Zira, Dışişleri Bakanı Hakan Fidan’ın Fener Patriği Bartholomeos ile İsviçre’de gizlice görüştü kurgusu gündeme getiriliyor. İstanbul’da veya Ankara’da Türk siyaset adamlarının her gün görüşme fırsatına sahip olduğu dini bir lider ile neden İsviçre’de görüşülsün? Bu soruyu sormak kimsenin aklına gelmiyor.

Eğer hafızalarımızı tazelersek… Türkiye’deki farklı dinlerin temsilcileri ziyaretin niteliğine göre zaman zaman uluslararası ziyaretlerde hazır bulunabiliyorlar.

Sözgelimi Almanya Başbakanı Angela Merkel’in ziyareti vesilesiyle Cumhurbaşkanı Erdoğan tarafından konuk ülke başbakanının onuruna verilen yemekte diğer dini temsilciler ile birlikte Fener Patrikhanesi Ruhani Lideri Bartholomeos da hazır bulunmuştu. Bu bakımdan Fener Patriğinin nereye katıldığı kadar “Neye katıldığı ve neyin parçası olduğunun” iyi anlaşılması ve anlatılması gerekmektedir.

DIŞİŞLERİ AÇIKLAMASI

Nitekim Dışişleri Bakanlı Sözcüsü Öncü Keçeli ‘‘Fener Rum Patrikhanesi’nin, 15-16 Haziran 2024 tarihlerinde İsviçre’de düzenlenen Ukrayna Barış Zirvesi’ne devlet statüsünde katıldığı ve Sayın Bakanımızın zirve marjında Fener Rum Patriği Bartholomeos’la resmi bir ikili görüşme yaptığı yönündeki haberlerin‚ gerçeği yansıtmadığını” dile getirmiştir.

Fener Patriği zirveyi düzenleyen Ukrayna ve İsviçre makamları tarafından, Vatikan Temsilcisi ile birlikte ‘gözlemci’ olarak takdim edilmiştir.

Zirve sonunda kabul edilen ve kamuoyuyla paylaşılan Ortak Bildiri’de ‘Fener Rum Patrikhanesi’nin isminin de ‘imzacı’ olarak eklendiğine dair iddiaları üzerine zirvenin organizatörleri İsviçre ve Ukrayna’dan Türkiye izahat istemiştir.

Fener Rum Patrikhanesi’nin konumuna ilişkin devlet politikamızda herhangi bir değişiklik olmadığı hususu da yapılan açıklama ile bir kez daha vurgulanmıştır.
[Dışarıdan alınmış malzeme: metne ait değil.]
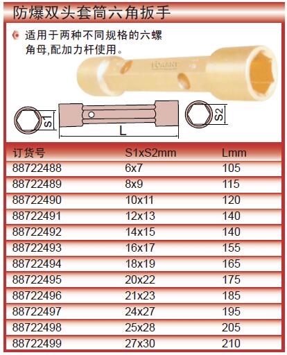 ·经久耐用,产品物美价廉, ·适用于两种不同规格的六螺角母,配加力杆使用。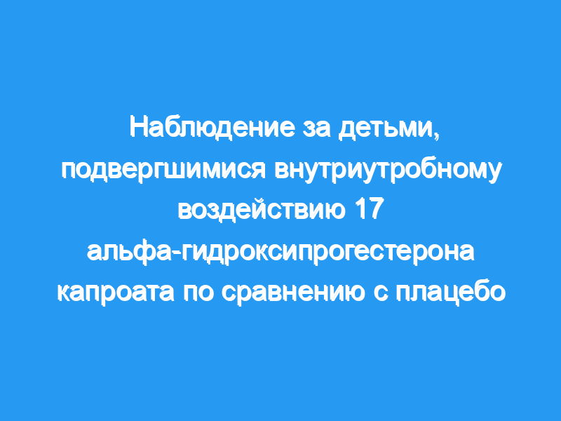 Из 348 подходящих выживших детей 278 (80%) были доступны для оценки (194 в группе 17 альфа-гидроксипрогестерона капроата и 84 в группе плацебо). Средний возраст наблюдения составил 48 месяцев. Не было обнаружено существенных различий в состоянии здоровья или физикальном обследовании, включая аномалии гениталий, между 17 детьми, получавшими альфа-гидроксипрогестерон капроат, и детьми, получавшими плацебо. Баллы для гендерных ролей (Перечень мероприятий в дошкольном учреждении) были в пределах нормы и аналогичны между группами 17 альфа-гидроксипрогестерона капроата и плацебо.
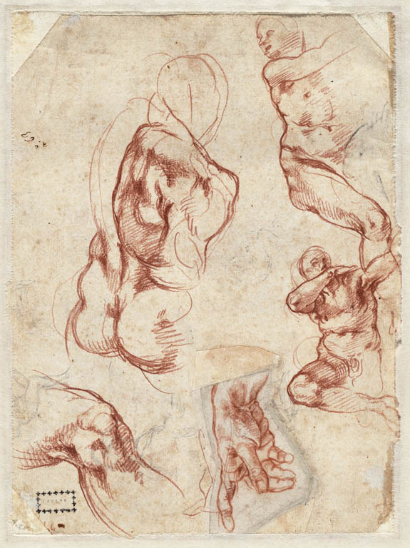 Zittend mannelijk naakt; aparte studie van het hoofd

Nitekim, Dışişleri Bakanlığı kaynakları Fener Patrikhanesi ile ilgili Ukrayna savaşı bağlamında yaşanan değişimi yakından izlemekteler. Bu değişim Türkiye’ye yeni bir algılama görevi yüklediği gibi Dışişleri Bakanlığına da özel bir hassasiyet bilinci getirdiği aşikardır.

Bu bağlamda‚ ‘Bağımsız Türk Ortodoks Patrikhanesi’nin açıklaması ile gündeme gelen iddialara ilk elden cevap verilmiş oluyor. Her ne kadar Fener Patriği’nin İsviçre’de verdiği fotoğraf istismar edilse de Dışişleri Bakanlığının bu açıklaması Fener Patrikhanesi’nin ‘uluslar üstü’ konumuna itiraz eden kamuoyunu ile aynı duyarlılıkta olduğunu da ortaya koyuyor.

MOSKOVA’NIN TUTUMU

Ukrayna Kilisesinin Moskova Patrikliğinden ayrılarak Fener Patrikhanesi bağlanmasının neden olduğu sorunlar gelecekte de sürecek. Bugün İsviçre’de gündeme gelen Patrikhane’nin konumu belki yarın Rusya ekseninde de tartışmalara neden olacak. Lakin, tam bu noktada Kiev – Moskova ayrışması Fener Patrikhanesinin konumuna ilişkin Türkiye’ye yeni fırsatlar sunuyor. Fener Rum Patrikhanesi’nin‚ Dünya Ortodokslarının Merkezi olduğu iddialarını Türkiye gibi Rusya’nın da kabul etmediği aşikar. Bu nedenle Yunanistan’ın, Amerika’nın ve Vatikan’ın yaklaşımlarını kuşku ile karşılamak yerinde olabilir. Lakin, Türkiye’nin Fener Kilisesinin konumu hakkında edilgen bir siyaset izlediğini düşünmek yersiz.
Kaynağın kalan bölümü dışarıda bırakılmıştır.